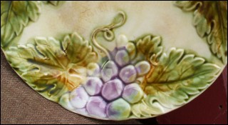 Bunch of grapes Decorative plate in french majolica made during the 1900's.The hand painted decor in relief has great color of enamels. Perfect condition. 8"1/4 diameter.
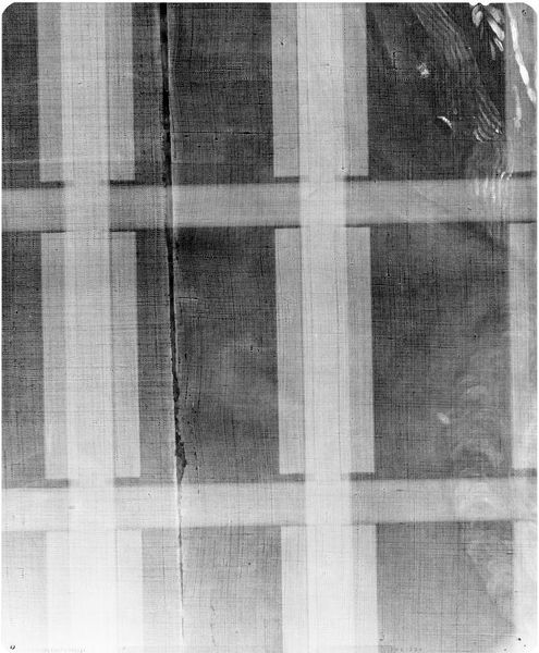 Curator: This is an X-radiograph of a copy of Diego Velázquez's "Portrait of Velázquez," here at the Harvard Art Museums. Editor: It's like looking at the ghost of a painting! All the structure, the canvas, but where's the person? Curator: Precisely. The X-radiograph allows us to see beneath the surface, revealing the hidden layers of creation, and perhaps, the artist's process or even earlier compositions. Editor: I'm captivated by the textures, almost like a woven tapestry. It reminds me that paintings aren’t just images but physical objects with their own histories and vulnerabilities. Curator: Absolutely, and within the context of art history, such analyses provide invaluable insights into authenticity, attribution, and the material culture of art production, which really shapes how we understand the artwork. Editor: It does make you think about what we value. The visible image? Or the story embedded within the structure? It's almost…more honest than the painting itself. Curator: Indeed, it encourages a deeper interrogation of the artistic process and reminds us of the complex layers of meaning inherent in any artwork. Editor: Well, I find myself strangely moved. Like I've seen something intimate. A secret whispered from the past.
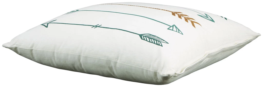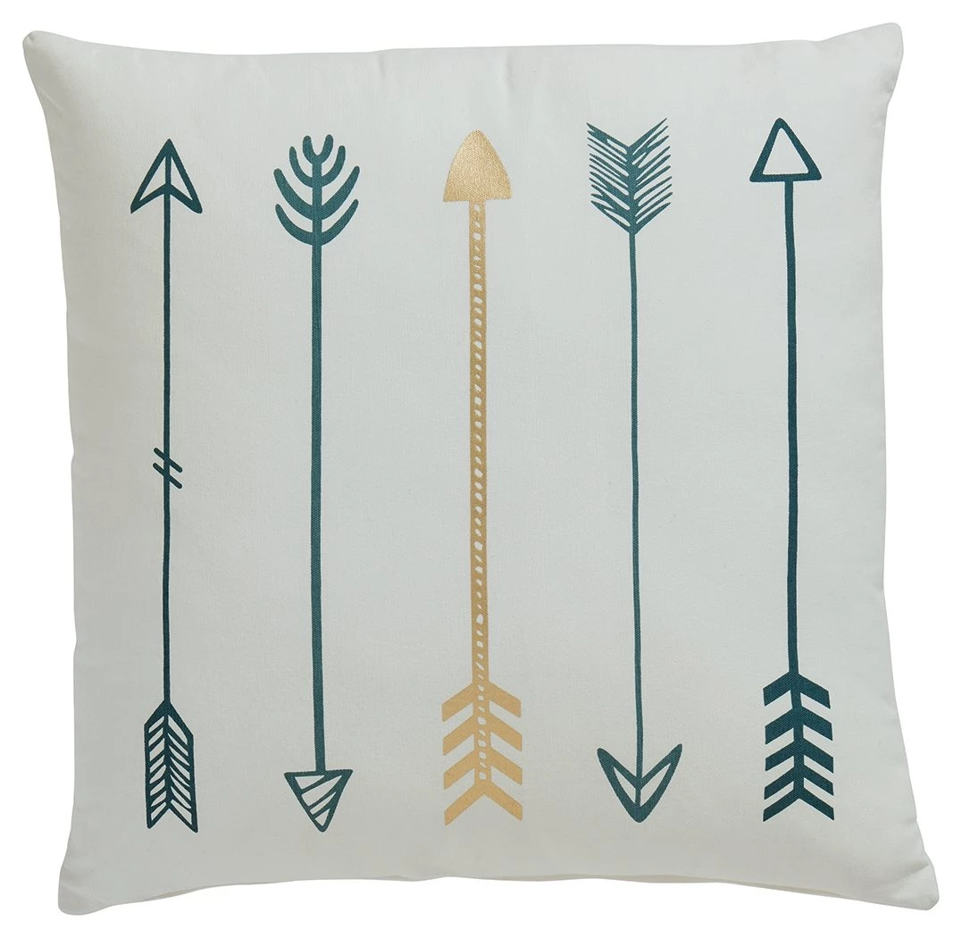 Add a distinctive piece of decor to your room with this accent pillow. Adorned with a pattern of arrows in teal, white and metallic goldtone, this striking print adds a splash of style to any decor. Featuring a cotton cover with knife edge construction and zipper closure, this pillow is perfect for use on a bed or chair to freshen up your living space in a beautiful way.
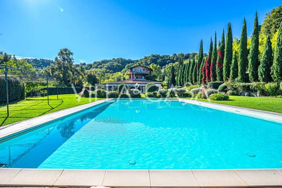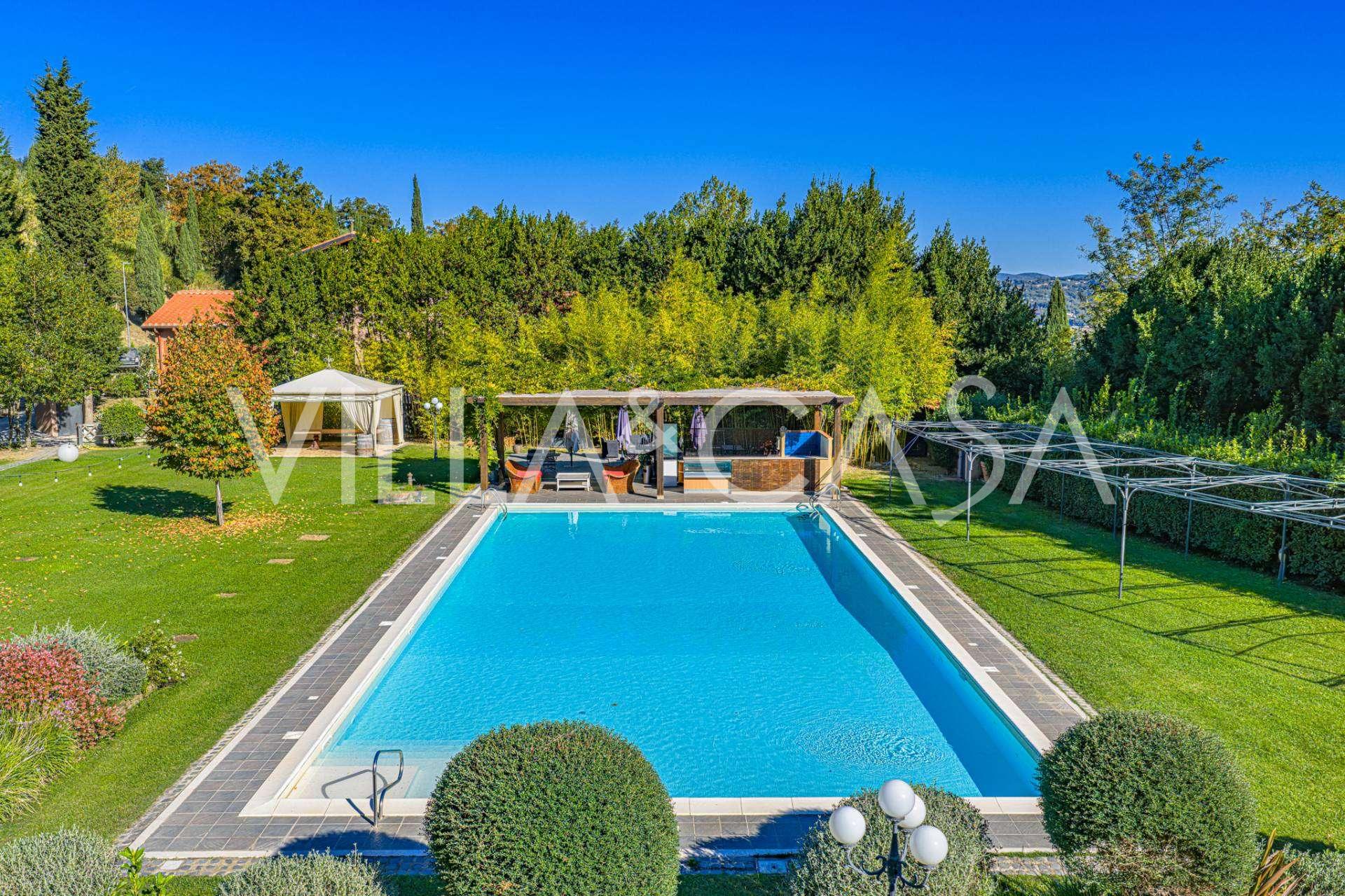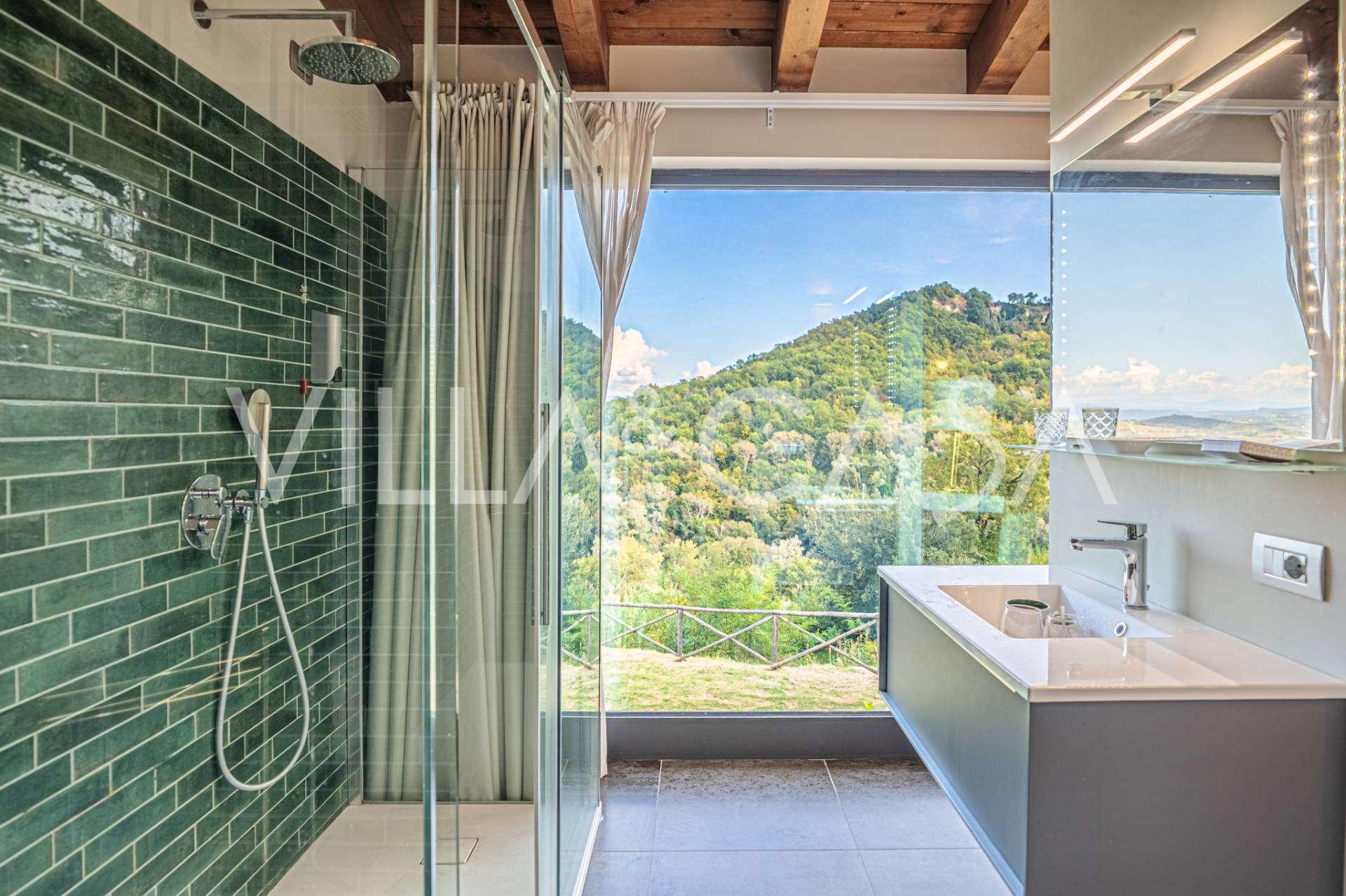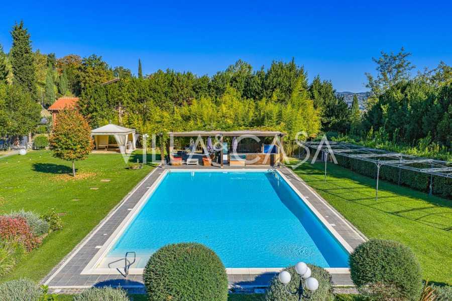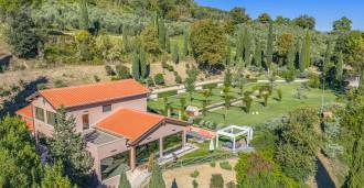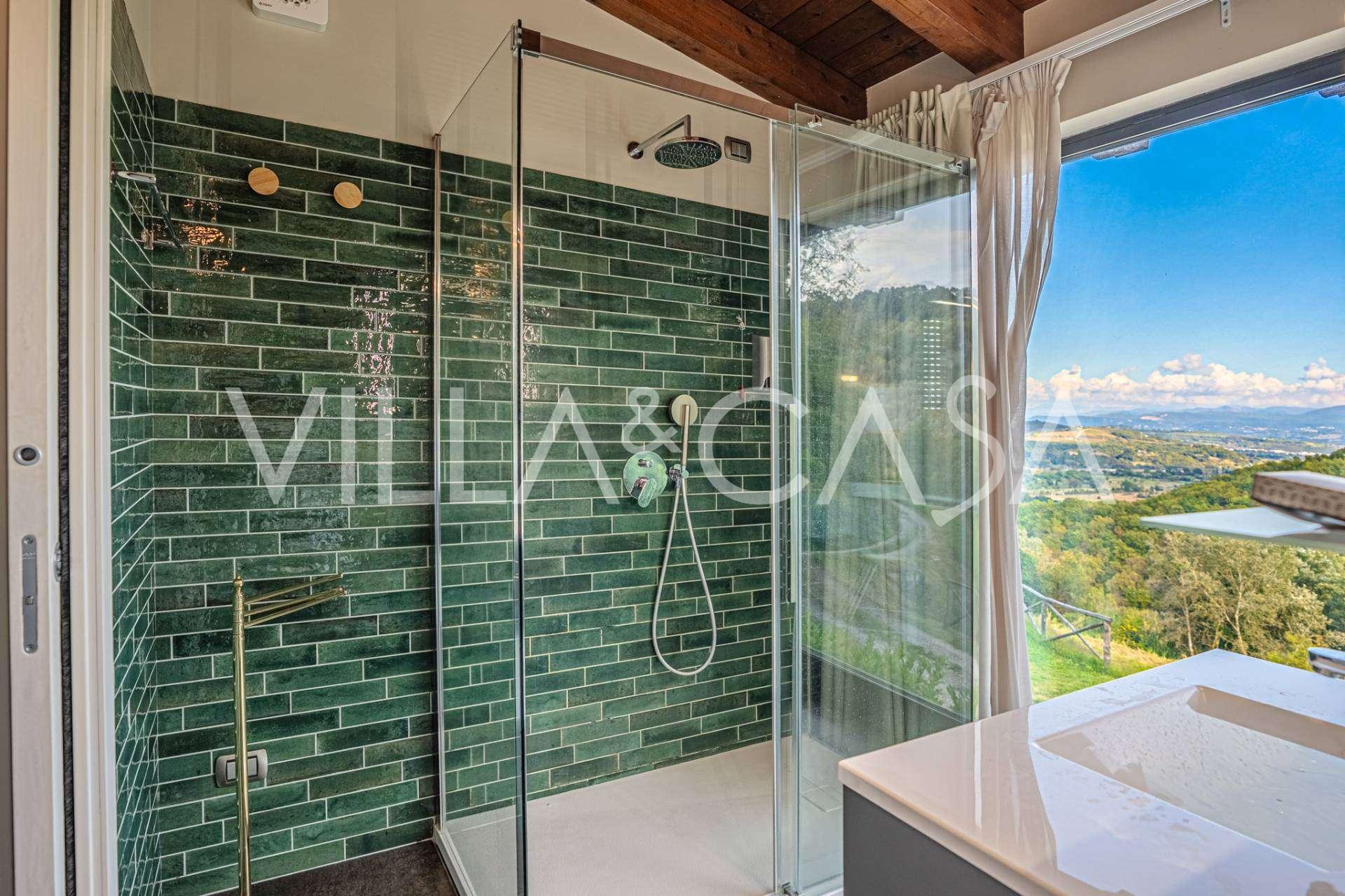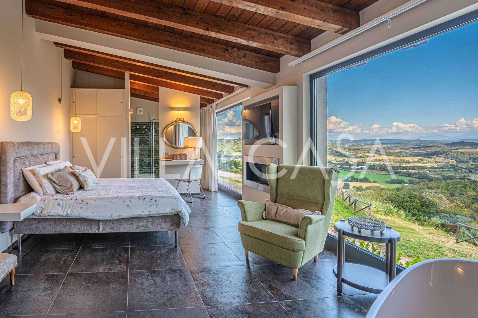 Dieses Anwesen in der Provinz Viterbo erhebt sich über die Hügel und bietet einen unglaublichen Blick auf das Tibertal. Es erstreckt sich über etwa 25 Hektar gepflegten Park, der eine Atmosphäre völliger Ruhe und Abgeschiedenheit schafft. Jeder Bereich hier ist auf Komfort, Eleganz und Harmonie ausgelegt: große sonnige Terrassen, Pavillons, stilvolle Liegestühle am Pool und schattige Wege, umgeben von jahrhundertealten Bäumen.
---
Starting at the line that contains "Add a distinctive", extract each line through the last line of the material exactly as written, and include no pictures.

» EXERCISE RESULT
 Add a distinctive piece of decor to your room with this accent pillow. Adorned with a pattern of arrows in teal, white and metallic goldtone, this striking print adds a splash of style to any decor. Featuring a cotton cover with knife edge construction and zipper closure, this pillow is perfect for use on a bed or chair to freshen up your living space in a beautiful way.
 Dieses Anwesen in der Provinz Viterbo erhebt sich über die Hügel und bietet einen unglaublichen Blick auf das Tibertal. Es erstreckt sich über etwa 25 Hektar gepflegten Park, der eine Atmosphäre völliger Ruhe und Abgeschiedenheit schafft. Jeder Bereich hier ist auf Komfort, Eleganz und Harmonie ausgelegt: große sonnige Terrassen, Pavillons, stilvolle Liegestühle am Pool und schattige Wege, umgeben von jahrhundertealten Bäumen.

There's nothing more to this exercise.